**Dataset content**
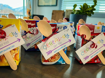 I printed cards from Surviving a Teacher’s Salary, bought mini cereal boxes & bamboo spoons from Superstore and double sided tape and red ribbon from the Dollarstore and TA-DA! 25 adorable Valentine’s treats for SBean’s last class Valentine Party!
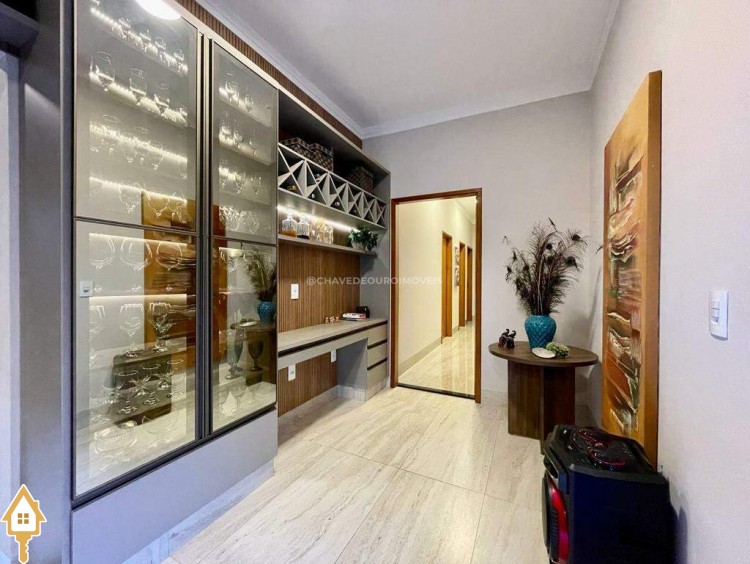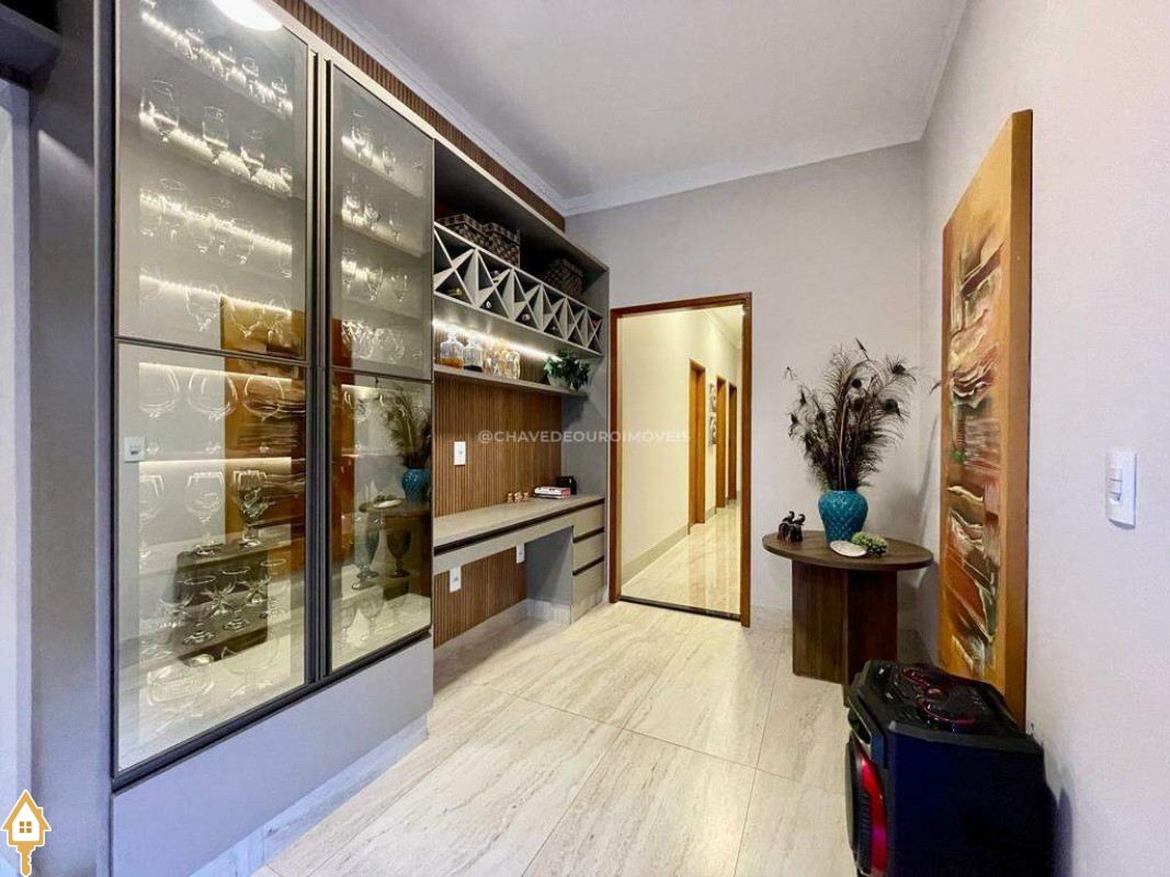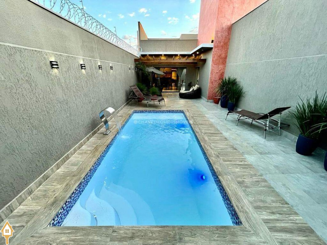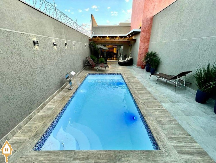 Casa localizada no bairro Jardim do Lago em Uberaba, MG. Composta de três quartos, sendo uma suíte master com closet. Dispõe de sala para dois ambientes com pé-direito alto, lavabo, cozinha, área de serviço, área gourmet com churrasqueira a carvão e pergolado, piscina com cascata e garagem para quatro veículos. ID IMOVIEW: 5625
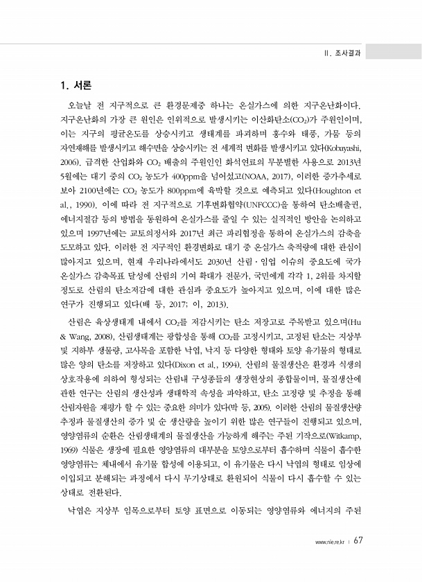 Ⅱ. 조사결과 www.nie.re.kr ? 67 1. 서론 오늘날 전 지구적으로 큰 환경문제중 하나는 온실가스에 의한 지구온난화이다. 지구온난화의 가장 큰 원인은 인위적으로 발생시키는 이산화탄소 CO2 가 주원인이며, 이는 지구의 평균온도를 상승시키고 생태계를 파괴하며 홍수와 태풍, 가뭄 등의 자연재해를 발생시키고 해수면을 상승시키는 전 세계적 변화를 발생시키고 있다 Kobayashi, 2006 급격한 산업화와 CO2 배출의 주원인인 화석연료의 무분별한 사용으로 2013년 5월에는 대기 중의 CO2 농도가 400ppm을 넘어섰고 NOAA, 2017 , 이러한 증가추세로 보아 2100년에는 CO2 농도가 800ppm에 육박할 것으로 예측되고 있다 Houghton et al., 1990 이에 따라 전 지구적으로...
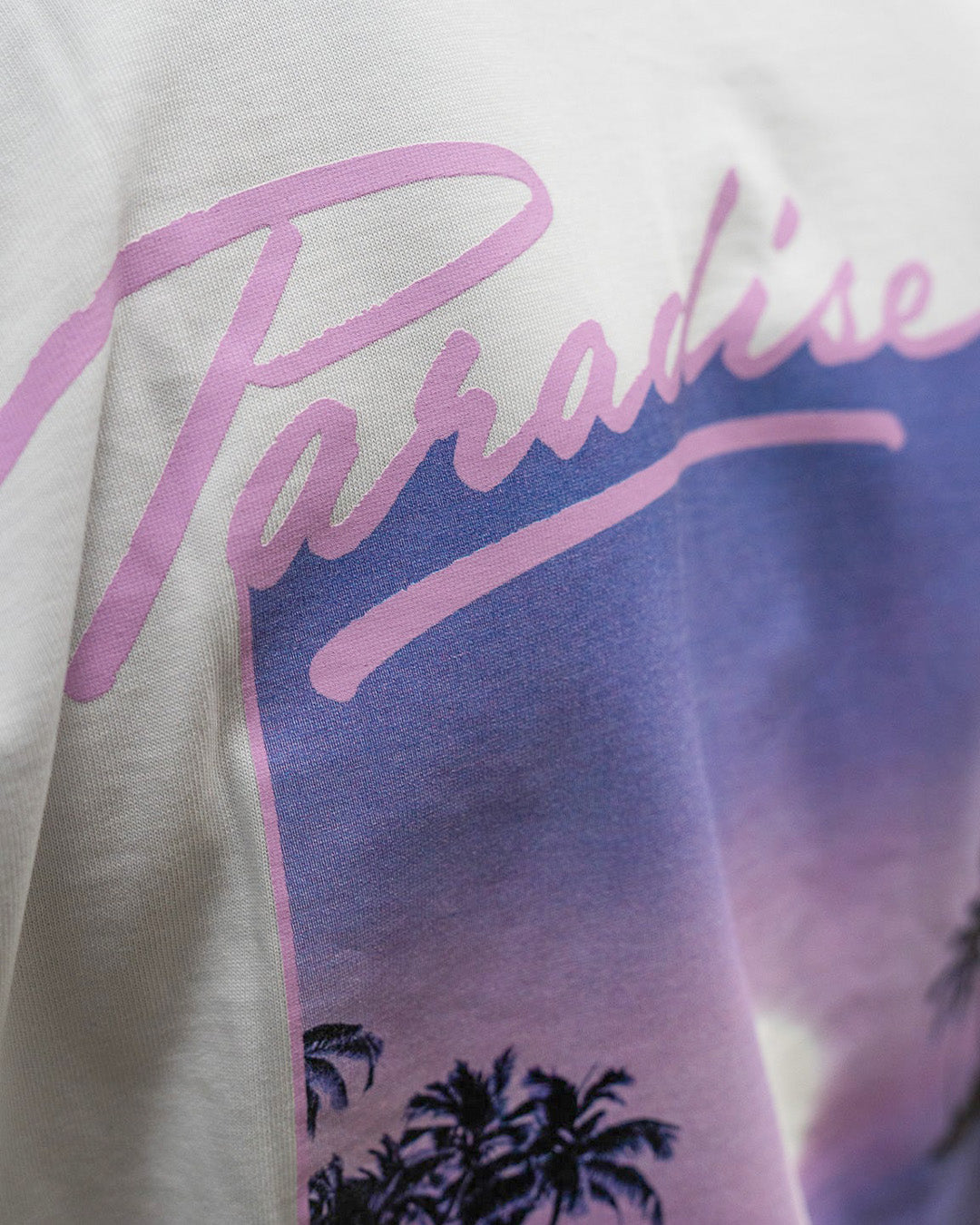 Upgrade your wardrobe with this crisp white T-shirt, featuring a clean Purple Disco Machine logo embroidery on the chest and a high-quality silk-screen “Paradise” artwork print on the back. Designed in a unisex, oversized fit for relaxed comfort and modern style. Made from 100% cotton and easy to care for — machine wash up to 30°C, wash and iron inside out to protect the artwork. Please remember to check the size chart and graphic to find your perfect fit.
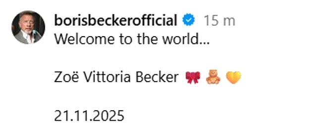 He announced Zoe’s arrival on Instagram on Saturday, writing: ‘Welcome to the world… Zoë Vittoria Becker 21.11.2025.’

**Task prompt**
Print once more, exactly, the lines that start at the top of the records above and end at the line with "Ⅱ. 조사결과 www.nie.re.kr", skipping all pictures.

**Result**
 I printed cards from Surviving a Teacher’s Salary, bought mini cereal boxes & bamboo spoons from Superstore and double sided tape and red ribbon from the Dollarstore and TA-DA! 25 adorable Valentine’s treats for SBean’s last class Valentine Party!
 Casa localizada no bairro Jardim do Lago em Uberaba, MG. Composta de três quartos, sendo uma suíte master com closet. Dispõe de sala para dois ambientes com pé-direito alto, lavabo, cozinha, área de serviço, área gourmet com churrasqueira a carvão e pergolado, piscina com cascata e garagem para quatro veículos. ID IMOVIEW: 5625
 Ⅱ. 조사결과 www.nie.re.kr ? 67 1. 서론 오늘날 전 지구적으로 큰 환경문제중 하나는 온실가스에 의한 지구온난화이다. 지구온난화의 가장 큰 원인은 인위적으로 발생시키는 이산화탄소 CO2 가 주원인이며, 이는 지구의 평균온도를 상승시키고 생태계를 파괴하며 홍수와 태풍, 가뭄 등의 자연재해를 발생시키고 해수면을 상승시키는 전 세계적 변화를 발생시키고 있다 Kobayashi, 2006 급격한 산업화와 CO2 배출의 주원인인 화석연료의 무분별한 사용으로 2013년 5월에는 대기 중의 CO2 농도가 400ppm을 넘어섰고 NOAA, 2017 , 이러한 증가추세로 보아 2100년에는 CO2 농도가 800ppm에 육박할 것으로 예측되고 있다 Houghton et al., 1990 이에 따라 전 지구적으로...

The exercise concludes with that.